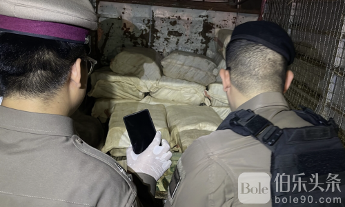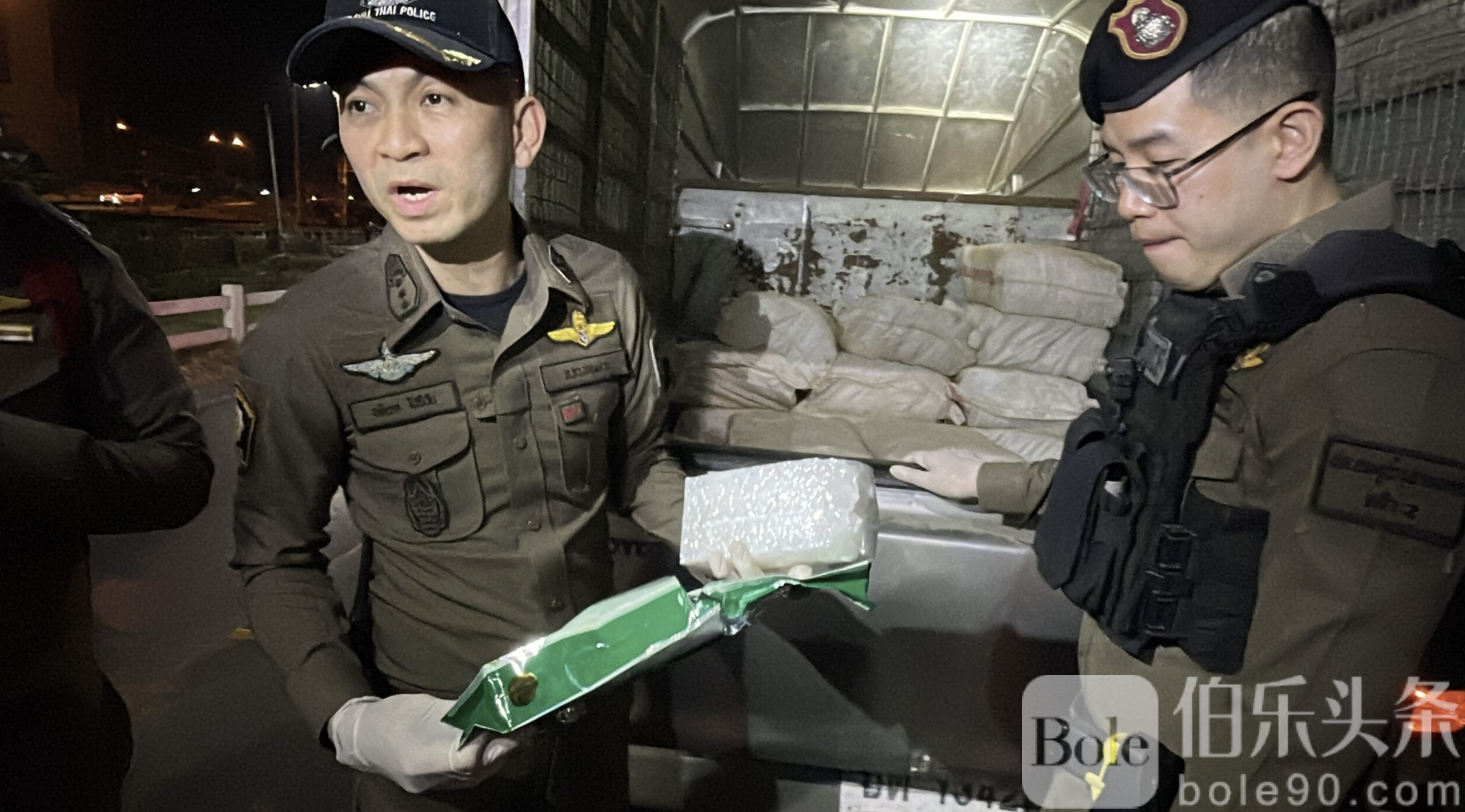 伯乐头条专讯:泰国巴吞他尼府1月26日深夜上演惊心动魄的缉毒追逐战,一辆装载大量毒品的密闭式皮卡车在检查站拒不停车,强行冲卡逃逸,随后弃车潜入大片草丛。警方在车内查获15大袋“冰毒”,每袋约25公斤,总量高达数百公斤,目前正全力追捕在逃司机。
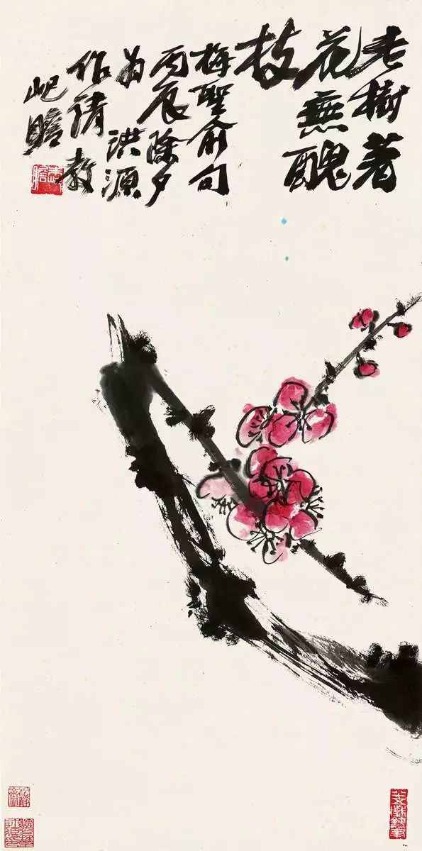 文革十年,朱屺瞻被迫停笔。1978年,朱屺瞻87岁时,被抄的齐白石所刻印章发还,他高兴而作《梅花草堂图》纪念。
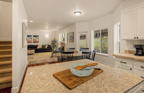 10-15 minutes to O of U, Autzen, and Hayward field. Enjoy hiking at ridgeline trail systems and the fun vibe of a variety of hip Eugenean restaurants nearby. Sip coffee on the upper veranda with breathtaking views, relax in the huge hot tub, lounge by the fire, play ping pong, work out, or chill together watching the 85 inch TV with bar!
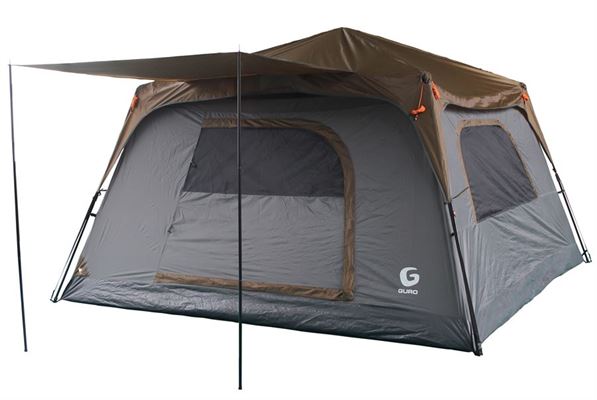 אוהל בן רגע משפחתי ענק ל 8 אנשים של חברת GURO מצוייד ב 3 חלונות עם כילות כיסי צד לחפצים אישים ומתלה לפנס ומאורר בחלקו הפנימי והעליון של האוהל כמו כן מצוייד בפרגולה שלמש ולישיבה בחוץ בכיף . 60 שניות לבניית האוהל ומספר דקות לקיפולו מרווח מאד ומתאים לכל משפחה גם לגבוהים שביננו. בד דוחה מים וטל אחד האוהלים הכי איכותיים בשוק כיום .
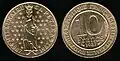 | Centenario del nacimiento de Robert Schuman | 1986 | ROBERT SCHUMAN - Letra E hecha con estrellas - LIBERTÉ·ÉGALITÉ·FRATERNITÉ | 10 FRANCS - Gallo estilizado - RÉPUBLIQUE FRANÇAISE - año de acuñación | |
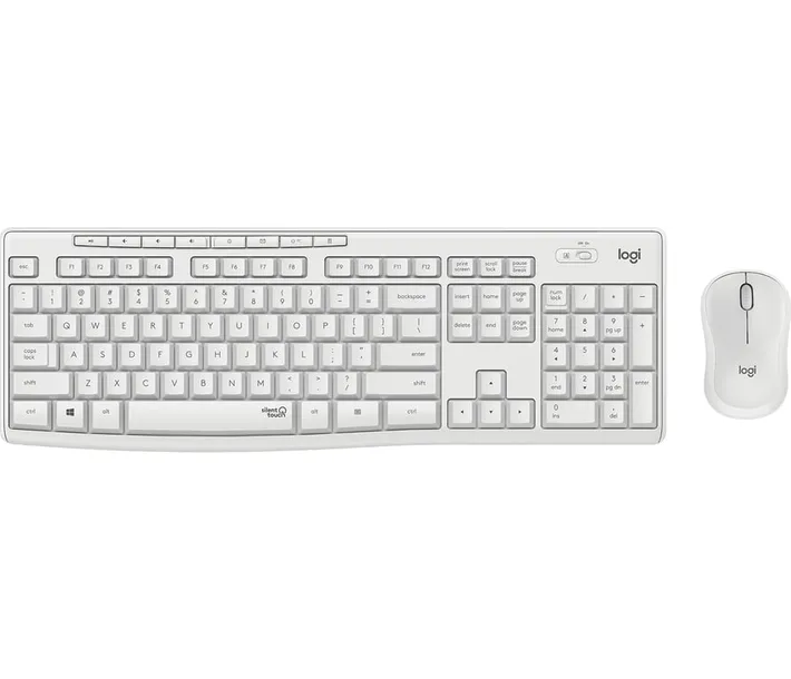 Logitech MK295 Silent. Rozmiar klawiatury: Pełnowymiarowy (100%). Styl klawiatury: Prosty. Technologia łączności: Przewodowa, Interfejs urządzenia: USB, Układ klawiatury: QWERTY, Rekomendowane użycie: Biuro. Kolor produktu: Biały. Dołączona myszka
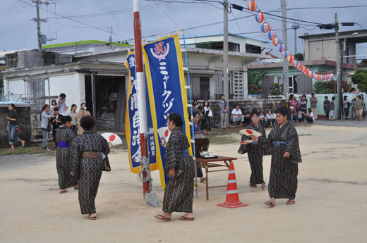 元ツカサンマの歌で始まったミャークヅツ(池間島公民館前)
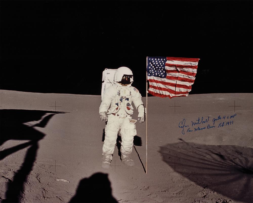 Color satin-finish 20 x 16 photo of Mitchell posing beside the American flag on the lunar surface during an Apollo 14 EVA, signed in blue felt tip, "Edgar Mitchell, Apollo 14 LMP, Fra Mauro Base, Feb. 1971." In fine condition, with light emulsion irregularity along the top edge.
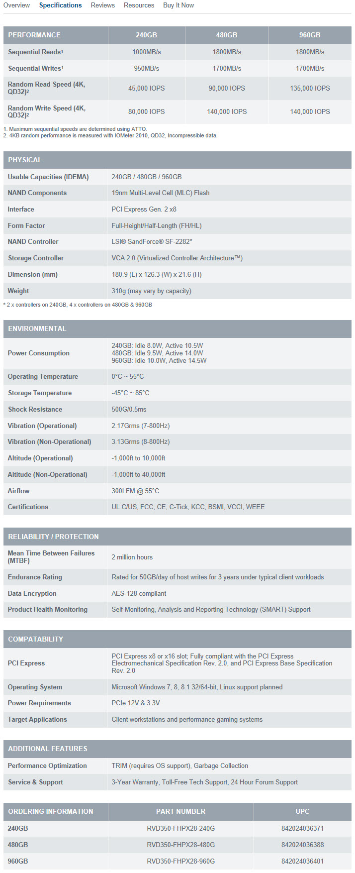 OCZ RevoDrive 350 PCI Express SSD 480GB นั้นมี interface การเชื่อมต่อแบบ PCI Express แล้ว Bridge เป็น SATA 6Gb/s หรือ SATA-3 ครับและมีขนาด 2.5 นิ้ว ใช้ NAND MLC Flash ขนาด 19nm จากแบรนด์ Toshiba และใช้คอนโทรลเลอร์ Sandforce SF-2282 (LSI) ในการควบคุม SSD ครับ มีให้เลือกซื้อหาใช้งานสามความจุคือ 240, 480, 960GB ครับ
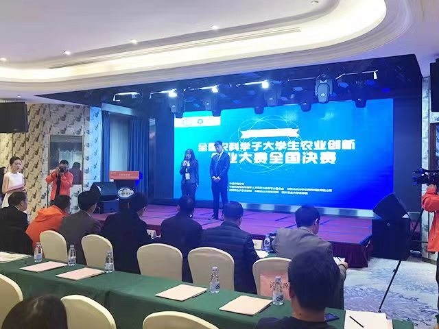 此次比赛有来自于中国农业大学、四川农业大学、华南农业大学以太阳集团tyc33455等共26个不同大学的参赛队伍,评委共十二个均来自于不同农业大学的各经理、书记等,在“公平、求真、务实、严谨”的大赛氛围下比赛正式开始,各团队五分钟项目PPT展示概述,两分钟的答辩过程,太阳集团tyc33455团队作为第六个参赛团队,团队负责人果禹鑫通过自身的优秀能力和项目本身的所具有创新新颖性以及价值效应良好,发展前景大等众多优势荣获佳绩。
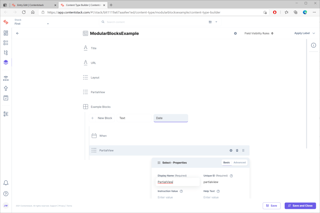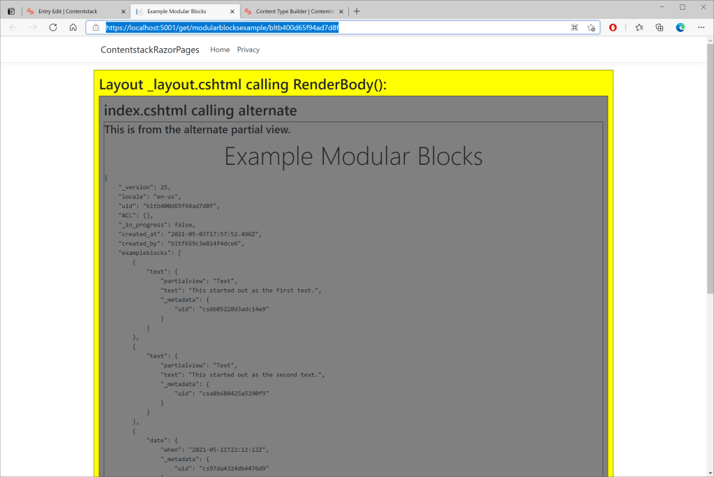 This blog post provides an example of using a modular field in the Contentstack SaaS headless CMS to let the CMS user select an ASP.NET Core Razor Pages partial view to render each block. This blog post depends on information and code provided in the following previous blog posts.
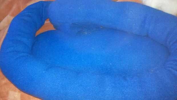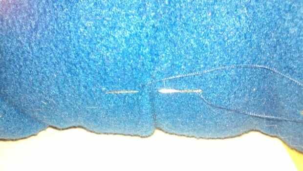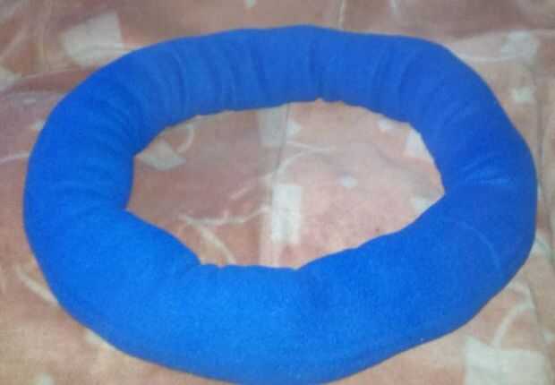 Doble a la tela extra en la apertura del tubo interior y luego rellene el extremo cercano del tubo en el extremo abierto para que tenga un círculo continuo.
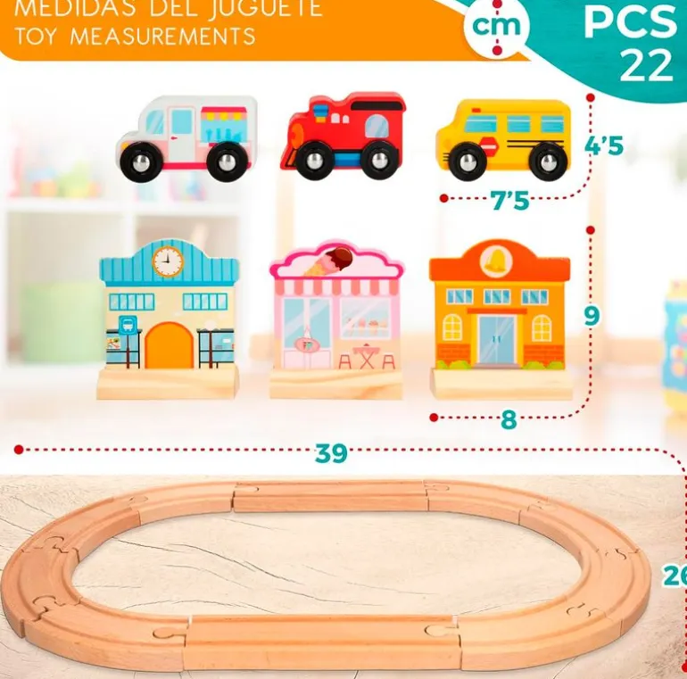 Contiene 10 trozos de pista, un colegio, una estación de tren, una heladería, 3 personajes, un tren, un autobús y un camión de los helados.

# # # # # # #

• [Try it]: Copy out the preceding entries without a single change, leaving out the pictures.

• [Completed task]:
 伯乐头条专讯:泰国巴吞他尼府1月26日深夜上演惊心动魄的缉毒追逐战,一辆装载大量毒品的密闭式皮卡车在检查站拒不停车,强行冲卡逃逸,随后弃车潜入大片草丛。警方在车内查获15大袋“冰毒”,每袋约25公斤,总量高达数百公斤,目前正全力追捕在逃司机。
 文革十年,朱屺瞻被迫停笔。1978年,朱屺瞻87岁时,被抄的齐白石所刻印章发还,他高兴而作《梅花草堂图》纪念。
 10-15 minutes to O of U, Autzen, and Hayward field. Enjoy hiking at ridgeline trail systems and the fun vibe of a variety of hip Eugenean restaurants nearby. Sip coffee on the upper veranda with breathtaking views, relax in the huge hot tub, lounge by the fire, play ping pong, work out, or chill together watching the 85 inch TV with bar!
 אוהל בן רגע משפחתי ענק ל 8 אנשים של חברת GURO מצוייד ב 3 חלונות עם כילות כיסי צד לחפצים אישים ומתלה לפנס ומאורר בחלקו הפנימי והעליון של האוהל כמו כן מצוייד בפרגולה שלמש ולישיבה בחוץ בכיף . 60 שניות לבניית האוהל ומספר דקות לקיפולו מרווח מאד ומתאים לכל משפחה גם לגבוהים שביננו. בד דוחה מים וטל אחד האוהלים הכי איכותיים בשוק כיום .
 | Centenario del nacimiento de Robert Schuman | 1986 | ROBERT SCHUMAN - Letra E hecha con estrellas - LIBERTÉ·ÉGALITÉ·FRATERNITÉ | 10 FRANCS - Gallo estilizado - RÉPUBLIQUE FRANÇAISE - año de acuñación | |
 Logitech MK295 Silent. Rozmiar klawiatury: Pełnowymiarowy (100%). Styl klawiatury: Prosty. Technologia łączności: Przewodowa, Interfejs urządzenia: USB, Układ klawiatury: QWERTY, Rekomendowane użycie: Biuro. Kolor produktu: Biały. Dołączona myszka
 元ツカサンマの歌で始まったミャークヅツ(池間島公民館前)
 Color satin-finish 20 x 16 photo of Mitchell posing beside the American flag on the lunar surface during an Apollo 14 EVA, signed in blue felt tip, "Edgar Mitchell, Apollo 14 LMP, Fra Mauro Base, Feb. 1971." In fine condition, with light emulsion irregularity along the top edge.
 OCZ RevoDrive 350 PCI Express SSD 480GB นั้นมี interface การเชื่อมต่อแบบ PCI Express แล้ว Bridge เป็น SATA 6Gb/s หรือ SATA-3 ครับและมีขนาด 2.5 นิ้ว ใช้ NAND MLC Flash ขนาด 19nm จากแบรนด์ Toshiba และใช้คอนโทรลเลอร์ Sandforce SF-2282 (LSI) ในการควบคุม SSD ครับ มีให้เลือกซื้อหาใช้งานสามความจุคือ 240, 480, 960GB ครับ
 此次比赛有来自于中国农业大学、四川农业大学、华南农业大学以太阳集团tyc33455等共26个不同大学的参赛队伍,评委共十二个均来自于不同农业大学的各经理、书记等,在“公平、求真、务实、严谨”的大赛氛围下比赛正式开始,各团队五分钟项目PPT展示概述,两分钟的答辩过程,太阳集团tyc33455团队作为第六个参赛团队,团队负责人果禹鑫通过自身的优秀能力和项目本身的所具有创新新颖性以及价值效应良好,发展前景大等众多优势荣获佳绩。
 This blog post provides an example of using a modular field in the Contentstack SaaS headless CMS to let the CMS user select an ASP.NET Core Razor Pages partial view to render each block. This blog post depends on information and code provided in the following previous blog posts.
 Doble a la tela extra en la apertura del tubo interior y luego rellene el extremo cercano del tubo en el extremo abierto para que tenga un círculo continuo.
 Contiene 10 trozos de pista, un colegio, una estación de tren, una heladería, 3 personajes, un tren, un autobús y un camión de los helados.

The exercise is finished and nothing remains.